Batch ingestion spec to wait until all the segments are published and available

We are doing batch ingestion to support different time period rollups (i.e. Daily/Monthly/Yearly) on same data and storing that under _daily, _weeky, _monthly data sources.

We implemented this as kind of a workflow where first daily batch ingestion task is submitted and once complete, then submit monthly task (feeds from _daily datasource table).

Now what we have observed that is there is a delay between when druid task returns SUCCESS and when the segments produced by the tasks are actually available when queried right after using /datasources/tmp.test_segment_daily/intervals/ API. This results the next task does not pick the required interval updated by the previous one.

Is there way we can force task to only return successful once all the segments produced by it is available? Or any API which we can query to make sure that these segments are available.

Otherwise the only solution I can think of is to put some arbitrary wait between these tasks

We will appreciate any help/suggestion.

Regards, Amit

So, first question… why have the different datasources? Druid is very performant on roll up, so you really only need to use the lower level of rollup and run all your queries on that. Def a different mindset than traditional databases.

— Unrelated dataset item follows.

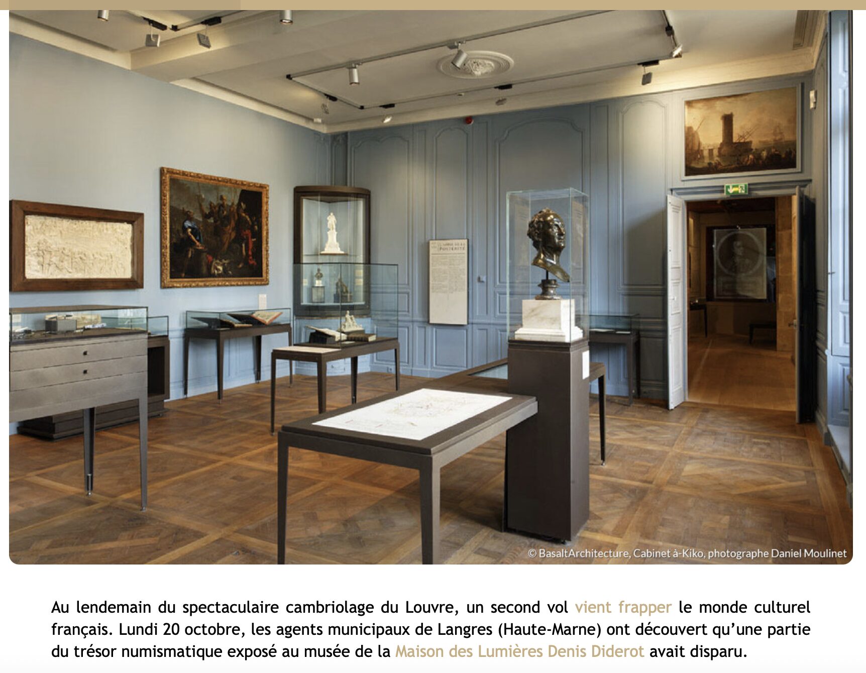 Non je ne charrie pas. Non, je n’exagère pas. Un second musée dévalisé de ses monnaies d’or et d’argent le lendemain de l’attaque du Louvre, ça dit tout de l’abandon dans lequel se trouve la France, de l’abandon -délibéré ?- de nos trésors, des vestiges de notre histoire.

But to your actual question… you want to be alerted when the new segments are available for query? Is that correct?

Cheers,

Rachel

I think using the same table to keep different rollups may give us the problem. e.g. we keep daily rolled up data for 180 days now to get last 6 month of data rolled up on month from the daily data at query time may not give us the desired performance. Some of the dimensions we have comparatively high carnality and can result in significant data even after rolling up on time.

Second yes, I see the task logs and the task finished after putting the segment in deep storage and then handing over to the overlord to load those segments and make it available. Between those two times (after handing over to the overlord and overlord loading those segments), I am not able to find any API which gives me details about those segments.

Here are the logs (redacted some of the messages)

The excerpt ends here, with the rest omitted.